Indeed, and yes, one of the first steps in postprocessing of Geant4 (MaGe) output should be generation of realistic time stamps (given event rate parameters as additional input data). That way, we can also simulate things like pile-up, and test the ability of our analysis chain to deal with it.

We have found that clustering is a very useful process for PSS, where you merge nearby steps.

Yes, clustering is definitely another pre-processing step, like shown in the LEGEND Julia tutorial. Though we're now also looking into clustering less, for SSD, to have more detailed charge clouds when simulating charge-cloud self-interaction (still early days, and does of course come with a computational cost).

We also discussed the need to propagate MC truth values.

Yes, we're spoken quite a bit about this in the last pulse-sim call. Mariia and other are currently figuring out what exactly we need to propagate and in which data tiers.

At some stage we also need to add energy adjustments

Depending on whether the pulse-sim package accounts for this already (we're trying to teach SSD to do dead-layer effects, and I thing siggen can already do this to some extent), there should definitely a step of optional heuristics like that. Depending on how it's done (on the energy of waveform), it'll need to happen directly before or after pulse simulation, so ideally this will really be part of the pulse-sim packages themselves or the legend-specific wrapper code we'll use to call them.

sagitta42 commented 3 years ago

I guess we should update this :)

Currently used names are: g4s->stp->pss->(mc)raw.

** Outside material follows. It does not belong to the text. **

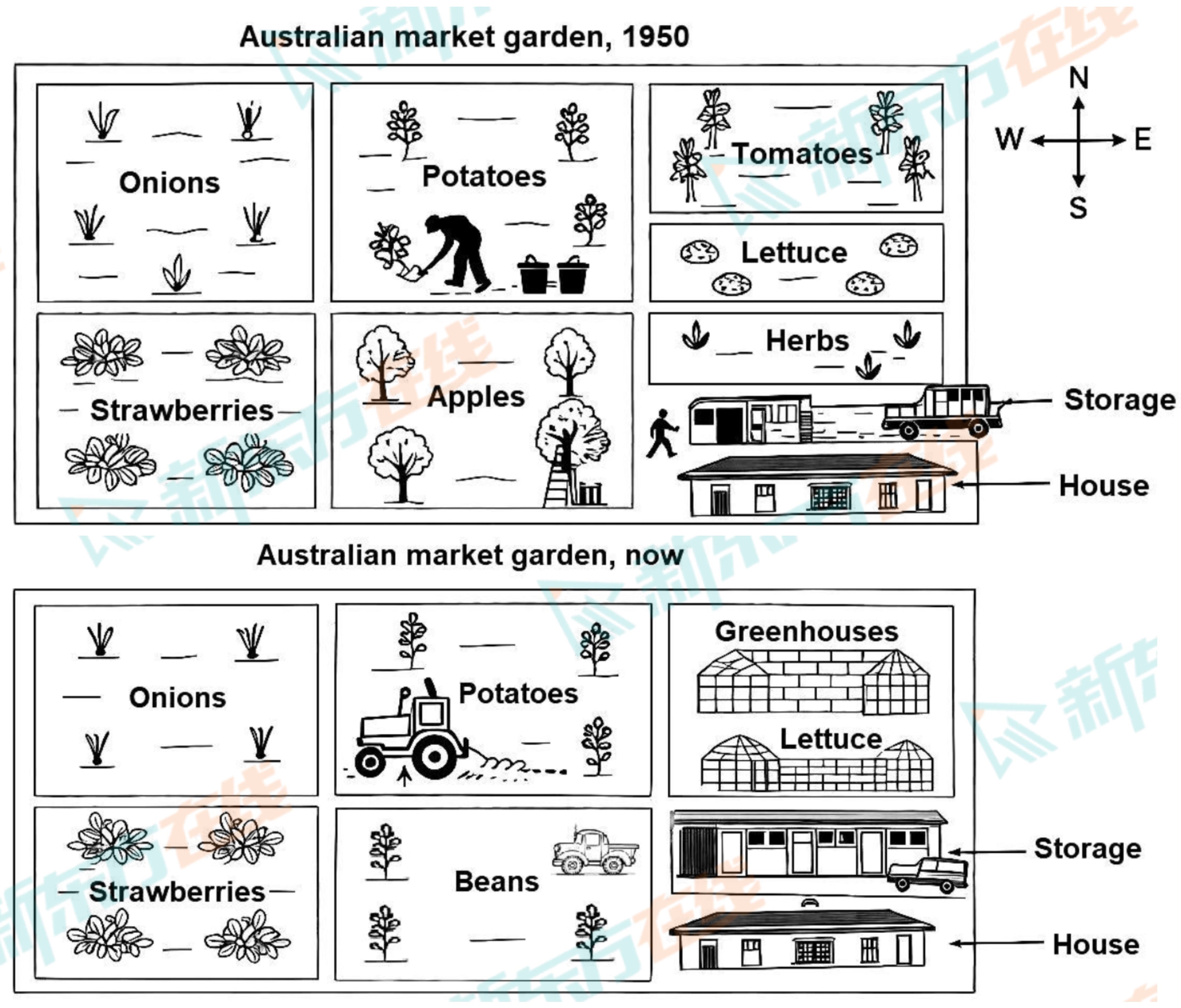 The plans below show an Australian market garden in 1950 and now.
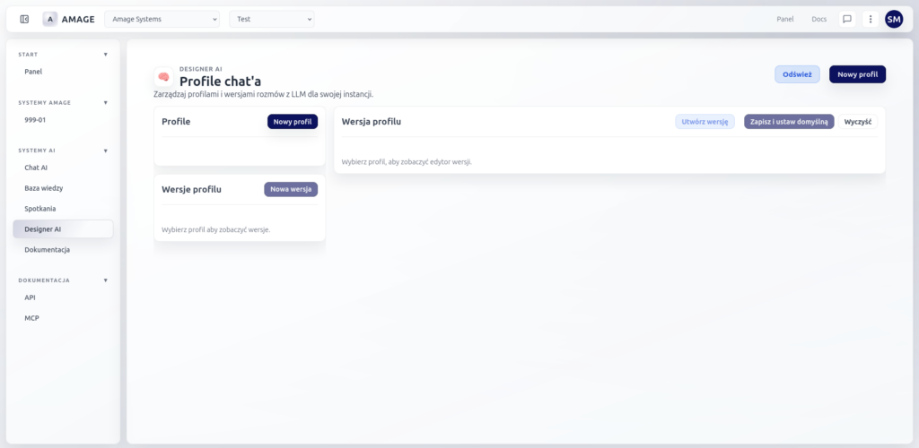 W AMAGE AI dostępny jest projektant promptów, profili konwersacji i agentów, który pozwala w uporządkowany sposób definiować zachowanie asystentów: ich rolę, zakres kompetencji, źródła kontekstu, sposób odpowiadania oraz zasady bezpieczeństwa. Dzięki temu mechanizmy konwersacyjne można konfigurować i testować przed udostępnieniem użytkownikom – bez „ręcznego” utrzymywania wielu wariantów promptów i bez ryzyka niespójnych ustawień pomiędzy środowiskami.

Maybe we could change g4s or g4 in the current code to dep or something (meaning, energy depositions), since, if I got it right, one could also use MaGe output as input to SSD or siggen.

oschulz commented 3 years ago

Yes, it shouldn't be something software/product specific, like g4 is

sagitta42 commented 1 year ago

This is quite outdated now. The current format uses three-letter names as in data processing: pet->stp->pss->raw.

pet stands for "position-energy-time" to not be specific to input (g4simple, MaGe, mpp).

The rest are the same as discussed here, and raw is simply raw - also because this way the hdf5 file with the field raw can be directly plugged into build_dsp or otherwise be processed with any DSP tools we currently have that work for data raw.